Finally, results of the McNemar’s test are shown in Figure 26 for EBR, MSER and IBR (under increasing blur and decreasing light) to identify statistically significant performance differences between these detectors for remote sensing data. Color coding in Figure 26 indicates the Z-scores obtained as a function of image transformation amount and McNemar’s test threshold when one detector is compared with another.
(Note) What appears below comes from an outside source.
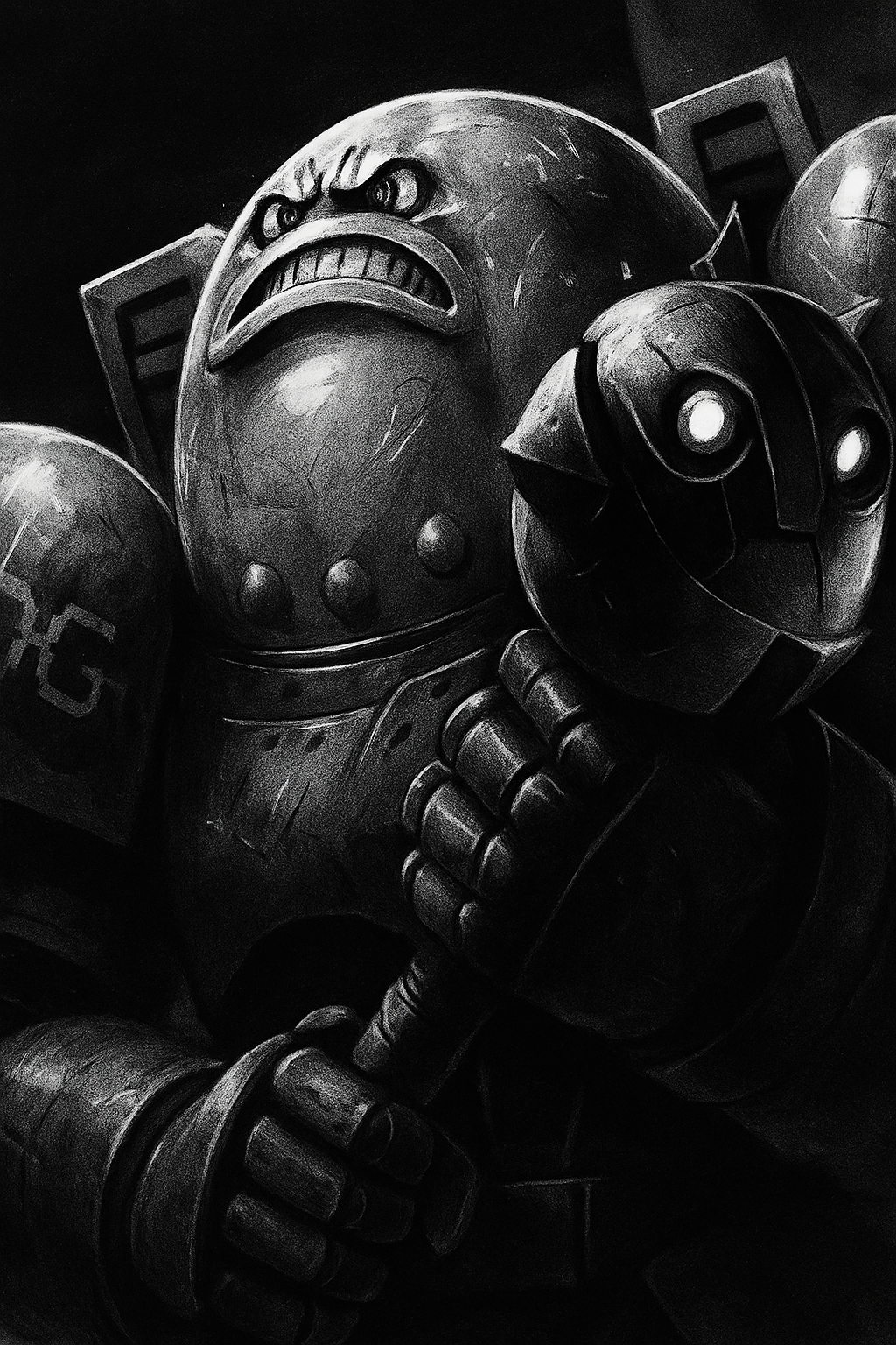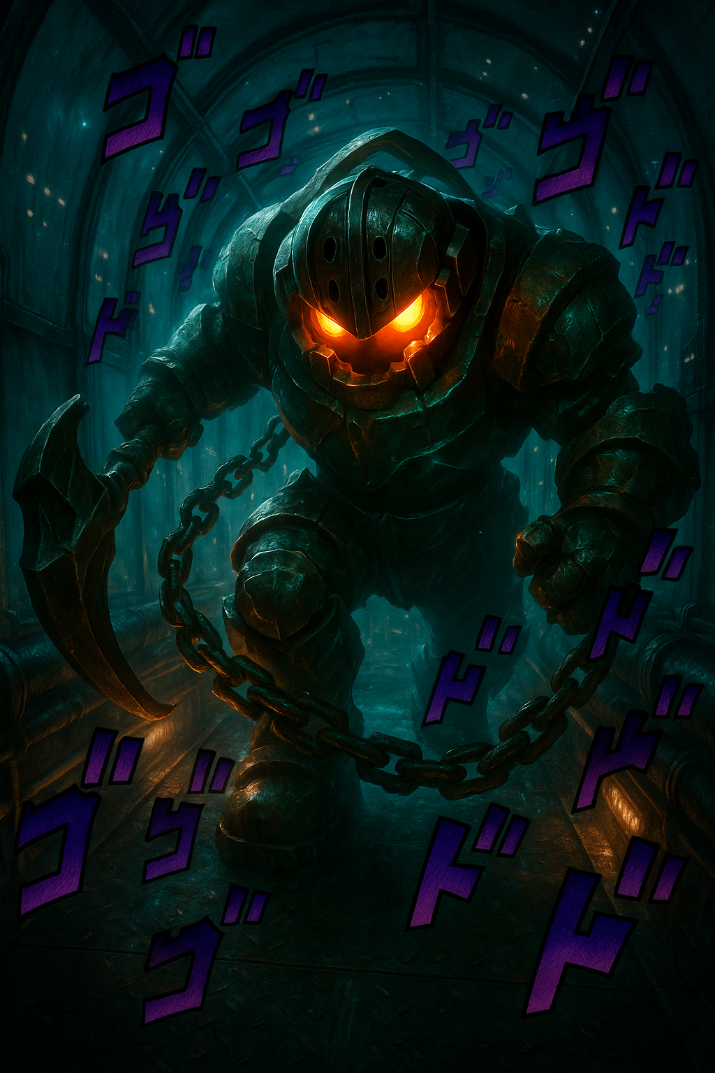 dark, tragic, unstoppable; deep-sea pressure and rusted rage; protective but monstrous; sorrowful heroism wrapped in steel, Vocals:

Although the value of Z is always positive, here a sign convention has been used to distinguish the detector with the better performance of the two examined: a positive Z-score shows that the first detector is better than the second, whereas a negative value of Z indicates the converse.

8. Conclusions

For designing reliable and more effective vision systems, this paper has presented a generic framework based on the improved repeatability measure [5]. The framework has two important steps: the first one is the estimation of the upper and lower bounds of performance for a given feature detector under a specific image transformation in order to segment detector performance into operating and guarantee regions; and the second step is the identification of statistically significant performance differences between detectors as a function of the amount of image transformation. To that end, the paper has introduced a variant of McNemar’s test to find statistically significant performance differences. It has demonstrated the utility of the proposed framework by establishing operating and guarantee regions for several state-of-the art detectors and has identified statistical performance differences between them under JPEG compression, uniform light changes and blurring. Results are obtained by utilizing newly acquired, large image database with 539 different scenes for JPEG compression, blur and uniform illumination changes. These detailed results provide novel insights into the strengths and weaknesses of the detectors from a vision system design perspective. The results largely contradict the previous findings and provide new performance scores for the popular feature detectors under various image transformations. These performance curves are more consistent with what experienced vision researchers expect and encounter. Finally, the paper has also showed the potential and utility of the proposed framework for remote sensing applications in general by presenting results for some feature detectors on remote sensing images.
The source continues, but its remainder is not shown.